• **Instructions for the task**
Only the lines from the one with "Ovios 8 Pieces" through the final line below belong in the answer, copied exactly and without pictures.

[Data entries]

# # #

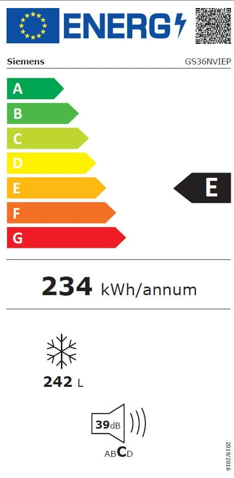 Zamrażarka szafowa SIEMENS GS36NVIEP Wolnostojąca o szerokości 60 cm, pojemności całkowitej netto 242 l, w klasie efektywności energetycznej E. Roczne zużycie energii - 234 kWh/rok, rozmrażanie No-Frost, zdolność zamrażania 18 kg/24h, czas wzrostu temperatury 9 h. Ilość szuflad/klapek - 4. Funkcja szybkiego zamrażania.
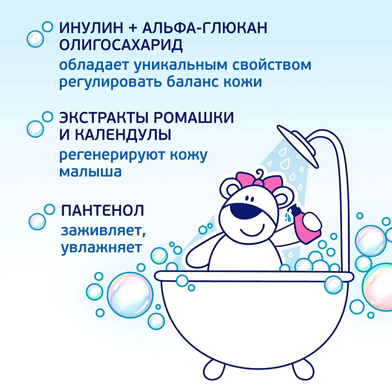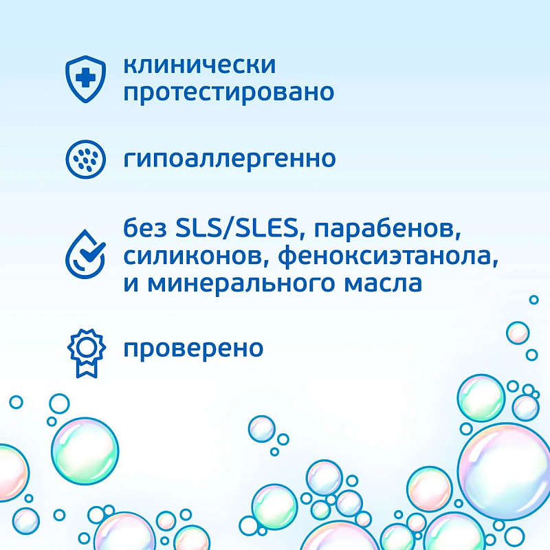 Уникальный состав с полезным пребиотиком (инулином) и натуральными экстрактами ромашки, календулы и лаванды обеспечивает мягкое очищение и надежную защиту природных функций кожи, и способствует поддержанию естественного pH-баланса.
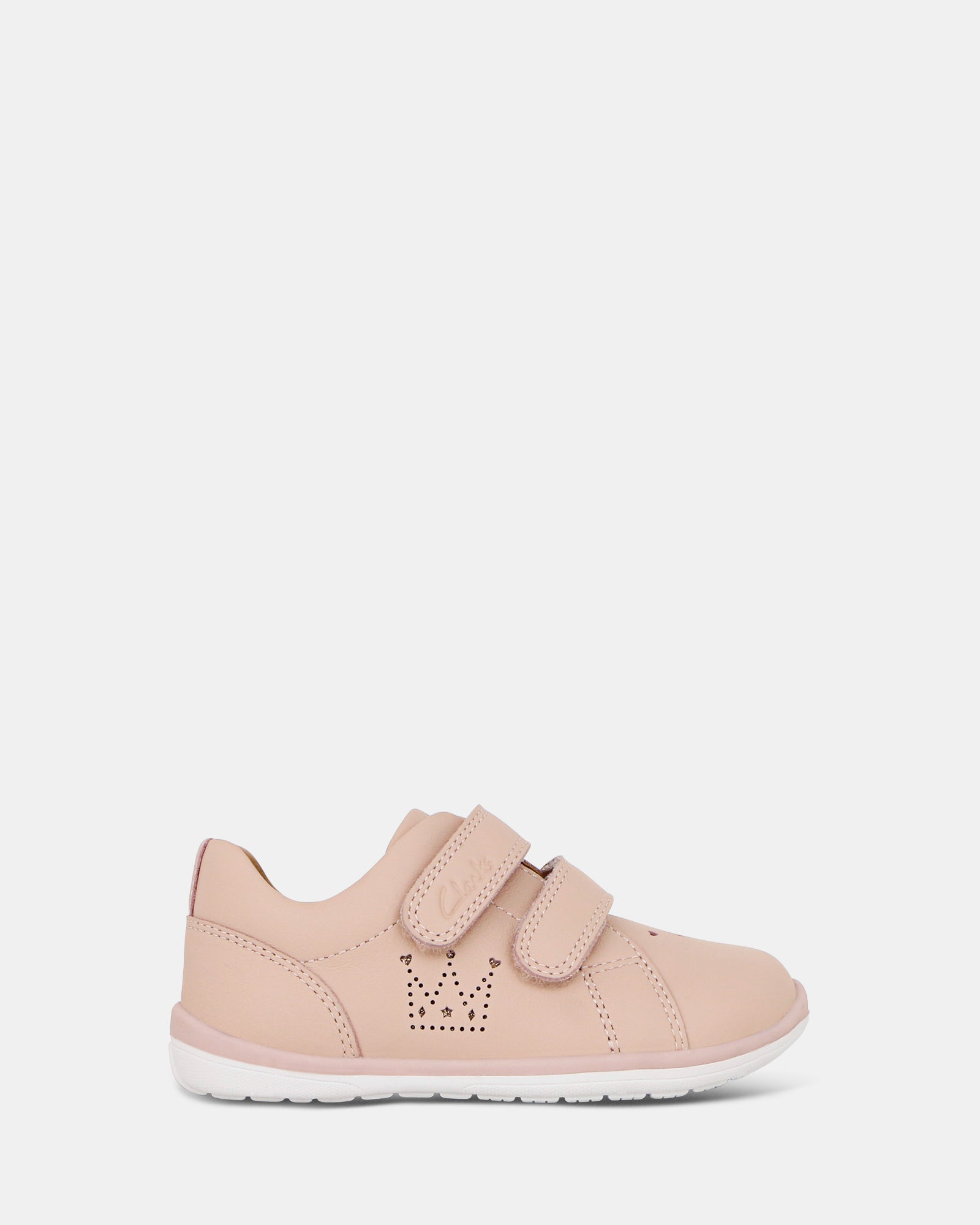 Cute. comfortable. and always on-trend. the Macy Sneaker is a must for adding style to your little girl’s wardrobe. The simple sneaker is accented by a sweet crown design and fitted with double self-fastening straps for a secure fit.
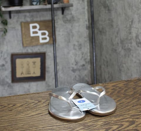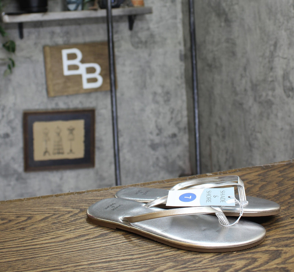 Shade & Shore Womens Cali Thong Flip Flop Sandals Metallic Silver Gray 7M
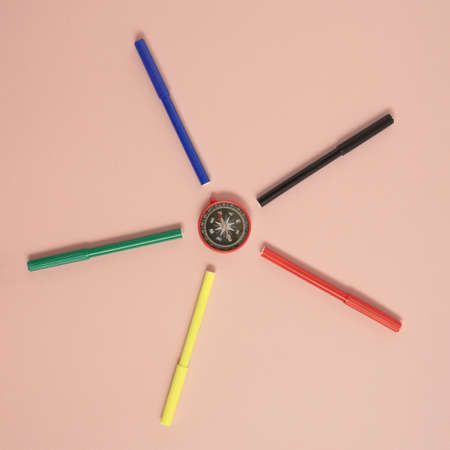 Compass and felt tips in colors lay down on a pink pastel background, making circle. Flat lay square composition, minimal abstract color concept
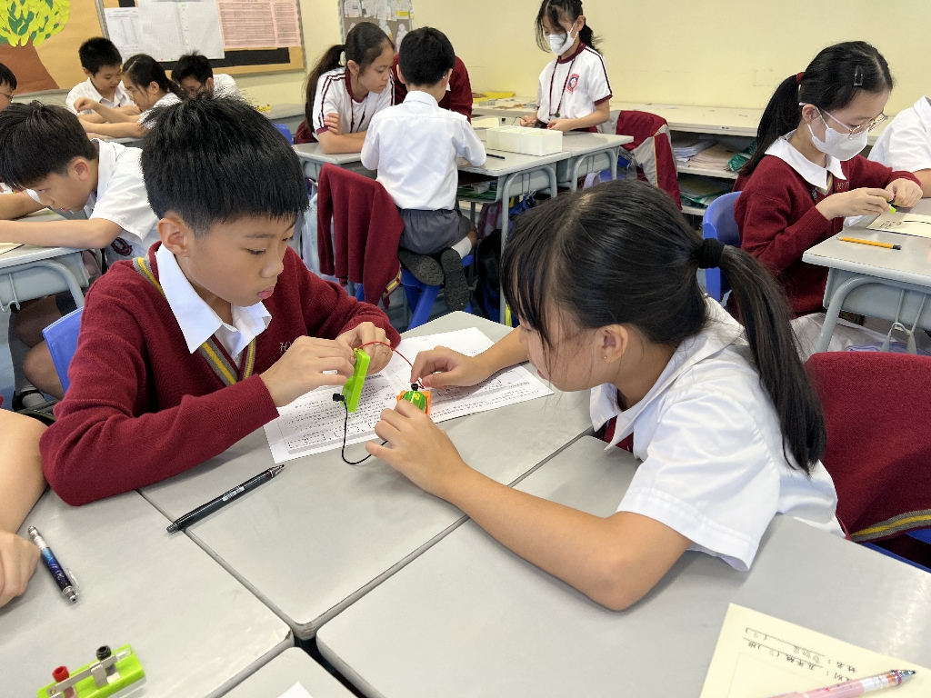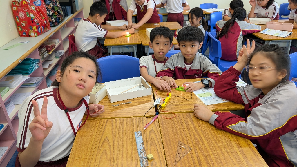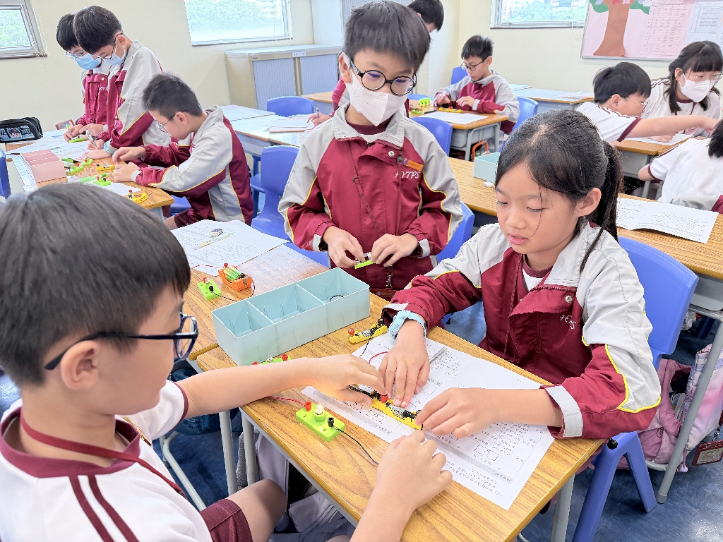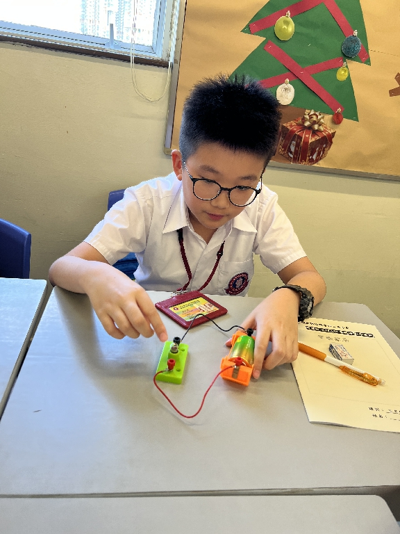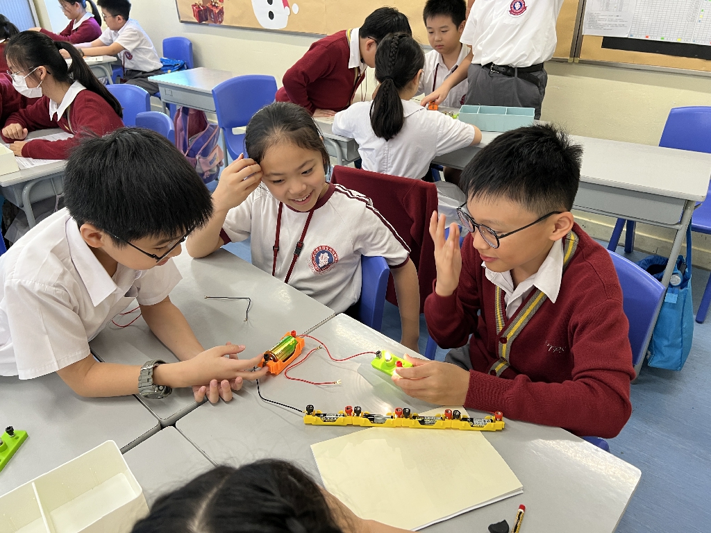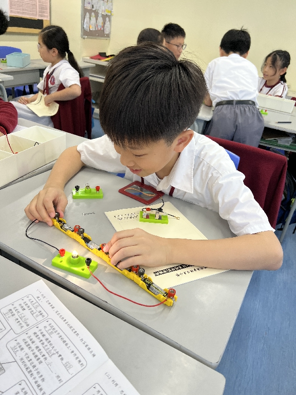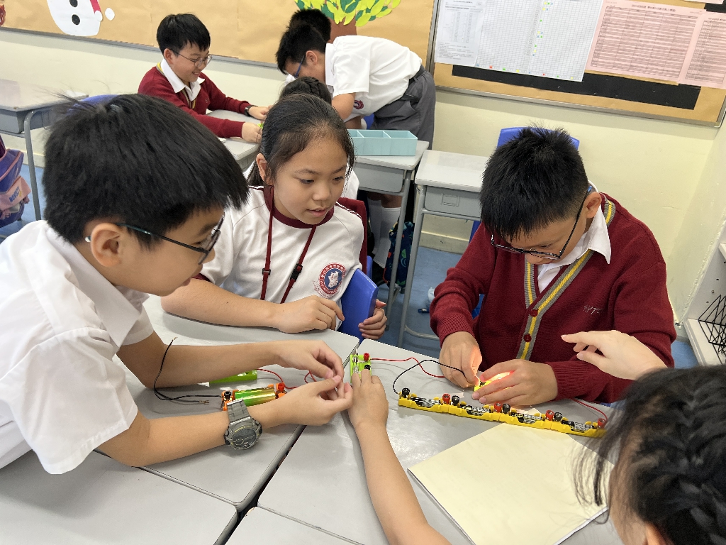 配合常識科課題「電的探究」及跨學科STREAM專題研習,學生分組進行實驗活動,在老師的引導下,學生學習閉合電路的科學原理。實驗活動中,學生手腦並用,認真學習。
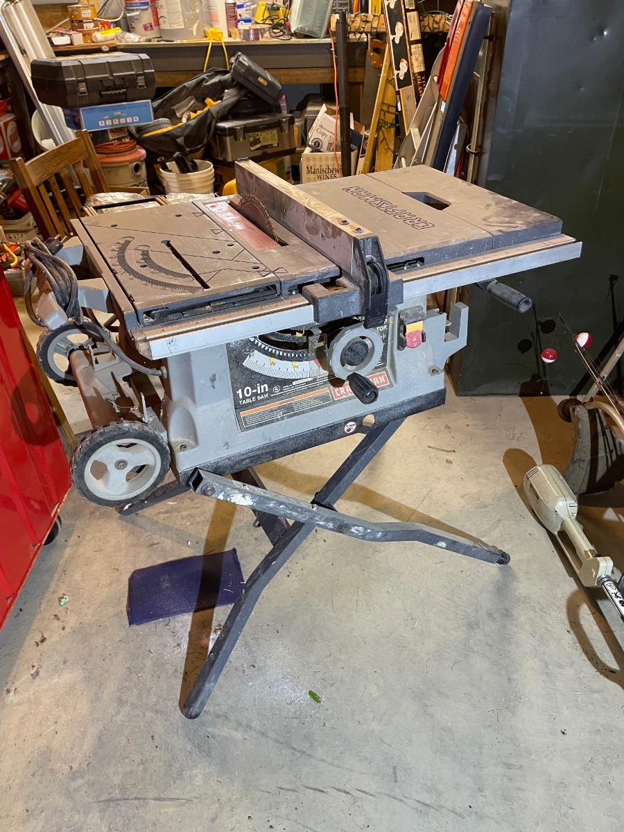Craftsman 10" Table Saw 15 amp with legs. Good Condition
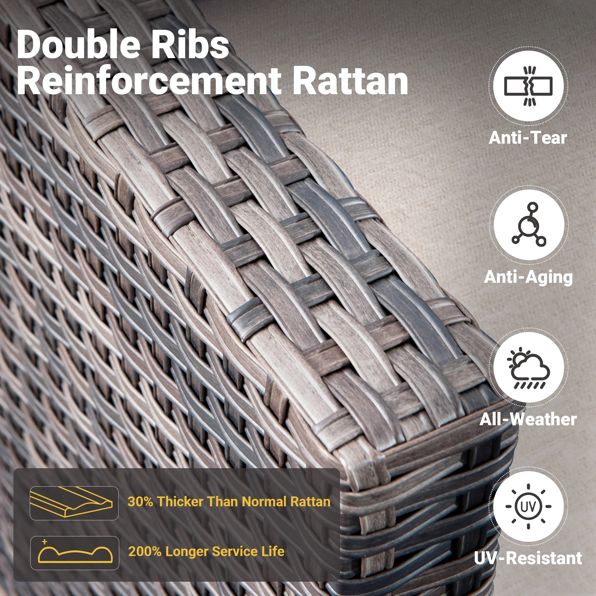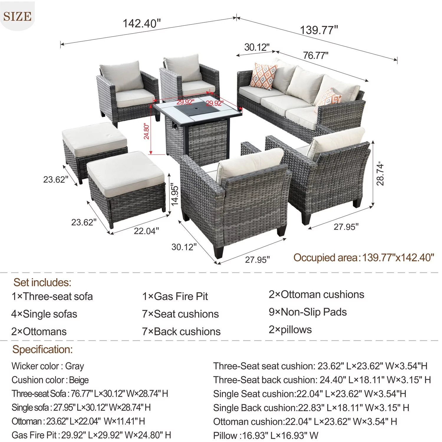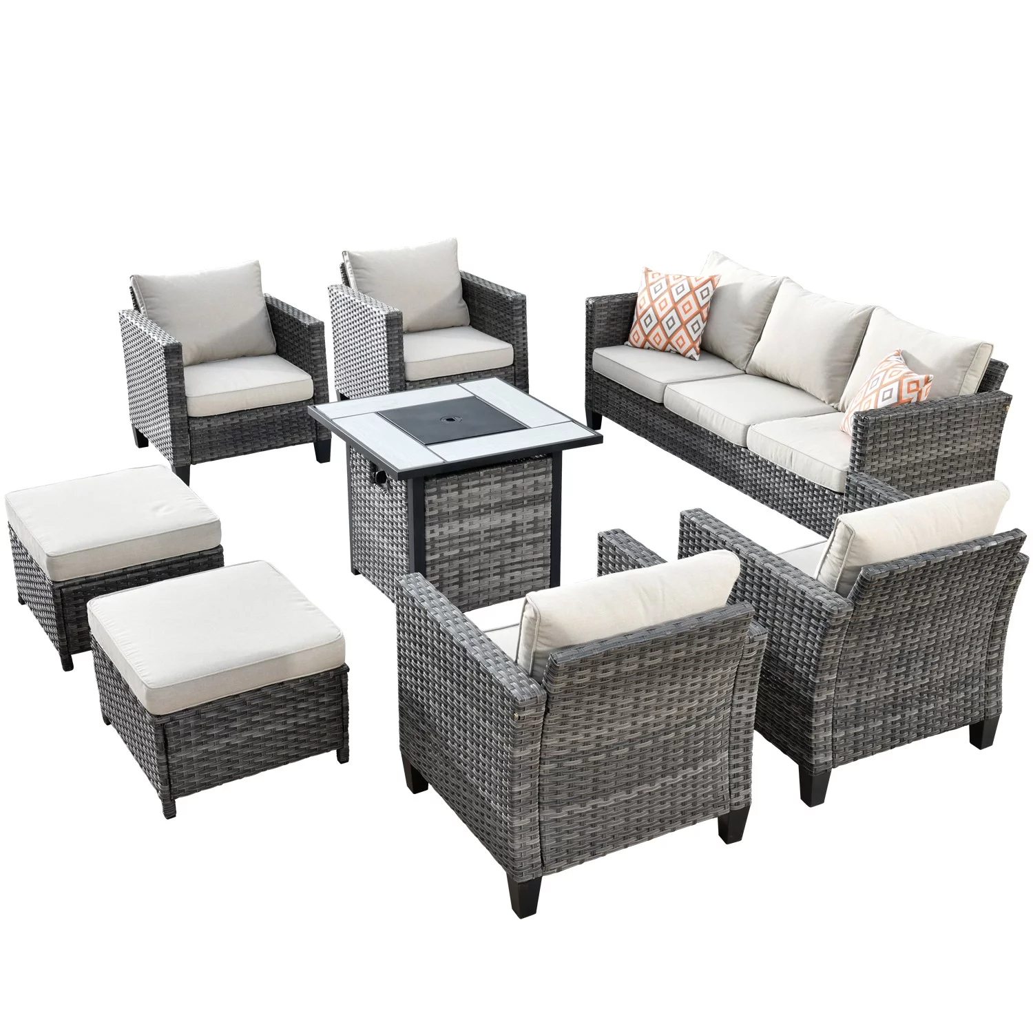 Ovios 8 Pieces Patio Outdoor Furniture Grey Conversation Set Outdoor Sectional Sofa with Gas Fire Pit CSA Approved
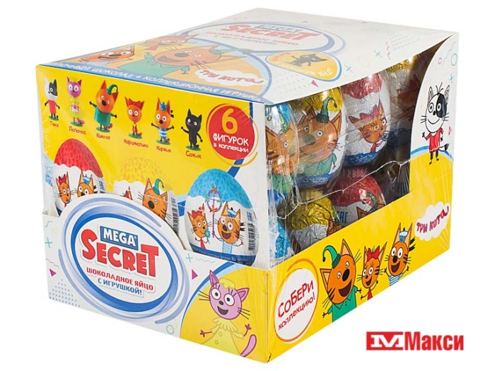 ЯЙЦО ШОКОЛАДНОЕ С ИГРУШКОЙ "MEGA SECRET" ТРИ КОТА 20Г (ЭВРИКА)

# # #

• **Result for this exercise**
 Ovios 8 Pieces Patio Outdoor Furniture Grey Conversation Set Outdoor Sectional Sofa with Gas Fire Pit CSA Approved
 ЯЙЦО ШОКОЛАДНОЕ С ИГРУШКОЙ "MEGA SECRET" ТРИ КОТА 20Г (ЭВРИКА)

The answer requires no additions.